ASSIGNED TASK: Would you transcribe the records below from the line with "Light and Durable" to the line with "Куст устойчив к", ends included, exactly and with nothing more, leaving the pictures out?

PROVIDED INFORMATION:
* * *
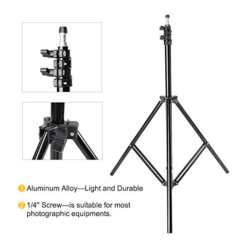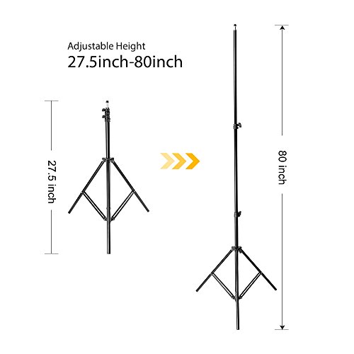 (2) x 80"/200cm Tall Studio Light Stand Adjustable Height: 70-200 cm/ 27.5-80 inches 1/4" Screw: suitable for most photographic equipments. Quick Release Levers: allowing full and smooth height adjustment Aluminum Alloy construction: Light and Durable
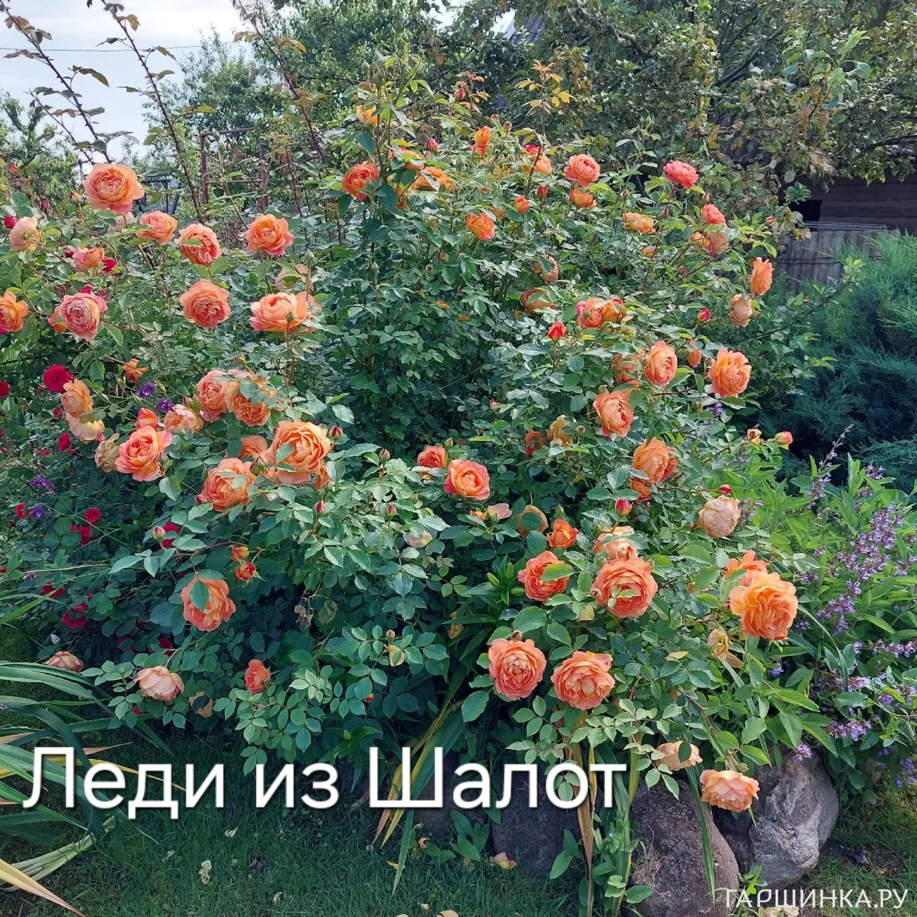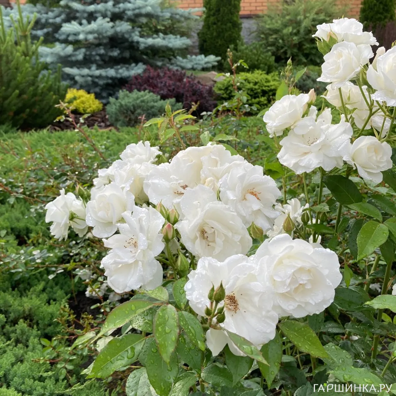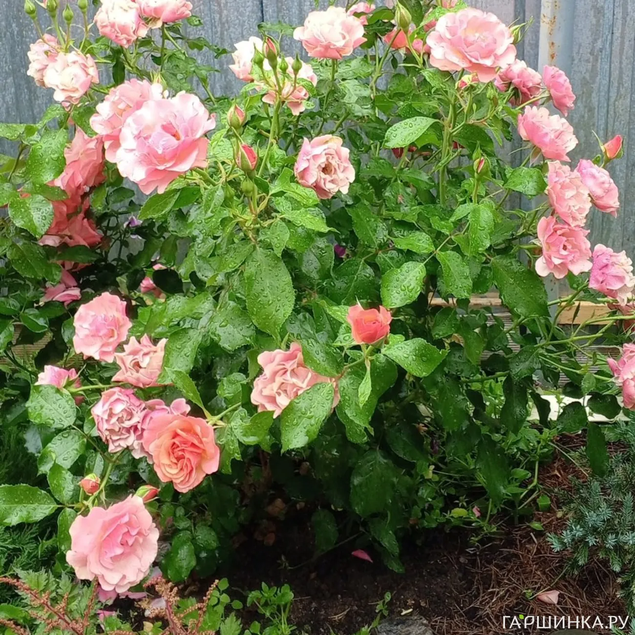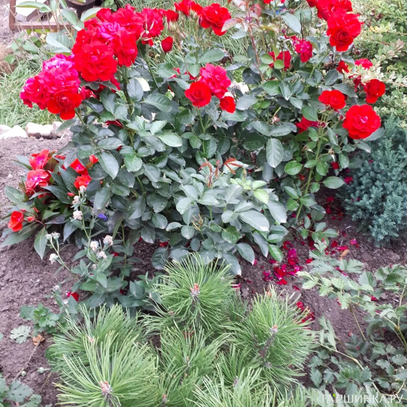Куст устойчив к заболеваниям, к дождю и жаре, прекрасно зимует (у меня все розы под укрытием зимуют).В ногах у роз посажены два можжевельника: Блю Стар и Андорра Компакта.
* * *
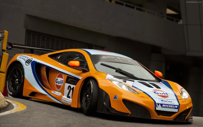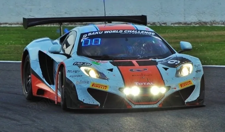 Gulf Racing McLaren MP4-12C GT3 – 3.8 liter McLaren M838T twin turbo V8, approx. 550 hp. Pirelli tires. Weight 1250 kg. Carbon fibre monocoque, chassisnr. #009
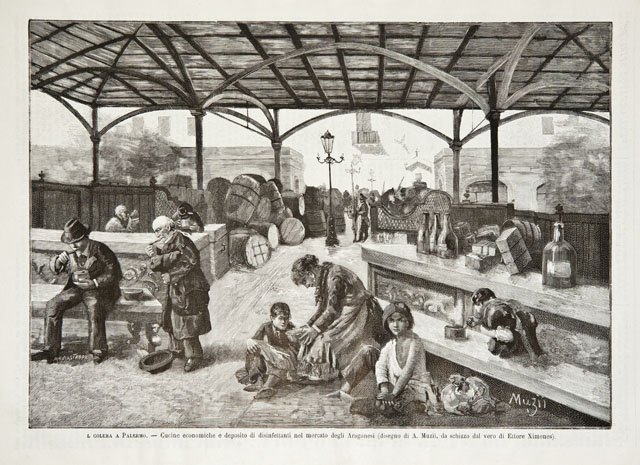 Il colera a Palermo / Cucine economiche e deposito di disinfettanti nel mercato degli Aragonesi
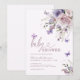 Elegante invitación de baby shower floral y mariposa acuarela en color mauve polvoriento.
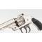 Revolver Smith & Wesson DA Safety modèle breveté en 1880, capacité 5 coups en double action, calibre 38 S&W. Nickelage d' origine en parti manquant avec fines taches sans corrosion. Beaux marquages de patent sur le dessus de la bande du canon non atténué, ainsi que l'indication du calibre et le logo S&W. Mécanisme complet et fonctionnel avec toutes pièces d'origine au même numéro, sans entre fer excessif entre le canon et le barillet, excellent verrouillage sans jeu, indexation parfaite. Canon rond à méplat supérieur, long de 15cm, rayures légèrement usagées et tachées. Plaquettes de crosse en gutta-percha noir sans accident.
* * *
ANSWER:
 (2) x 80"/200cm Tall Studio Light Stand Adjustable Height: 70-200 cm/ 27.5-80 inches 1/4" Screw: suitable for most photographic equipments. Quick Release Levers: allowing full and smooth height adjustment Aluminum Alloy construction: Light and Durable
Куст устойчив к заболеваниям, к дождю и жаре, прекрасно зимует (у меня все розы под укрытием зимуют).В ногах у роз посажены два можжевельника: Блю Стар и Андорра Компакта.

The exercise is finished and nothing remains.